Other top performers included Rasan Information Technology Co., which saw its share price rise by 6.51 percent to SR144, and Knowledge Economic City, which saw a 6.25 percent increase to SR13.09.

On the downside, the worst performer of the day was Najran Cement Co., whose share price fell by 2.11 percent to SR6.49.

Almasane Alkobra Mining Co. and Saudi Cable Co. also saw declines, with their shares dropping by 2 percent and 1.88 percent to SR103.10 and SR166.80, respectively.

On the announcement front, Riyad Bank has announced its annual financial results for 2025, with the total income from special commission of financing reaching SR24.1 billion, while net income from special commission of financing amounted to SR12 billion.

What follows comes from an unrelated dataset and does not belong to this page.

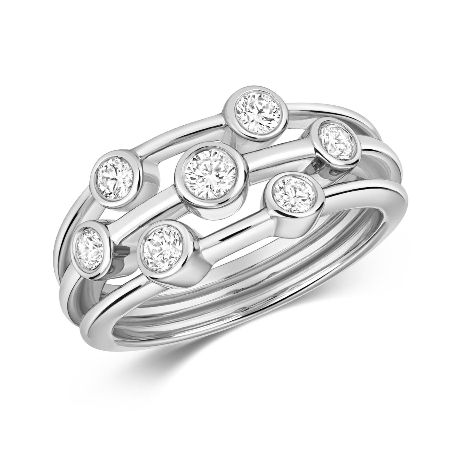 This gorgeous sterling silver three band ring is rub-over set with seven round cut lab grown diamond stones.

In a statement on Tadawul, the bank said: “Net income increased by 11.7 percent mainly due to an increase in total operating income and a decrease in total operating expenses.”

The bank further noted that the rise in total operating income was primarily driven by increased revenue from fees and commissions, trading activities, special commissions, gains on non-trading investments, and other operating sources. This growth was partially tempered by declines in exchange and dividend income.

“Net provision of expected credit losses and other losses decreased by 15.8 percent due to a decrease in impairment charge of credit losses and impairment charge for other financial assets, partially offset by an increase in impairment charge for investments,” it added.

RIBL’s share price closed at SR18.18 on the main market, marking a 1.43 percent increase.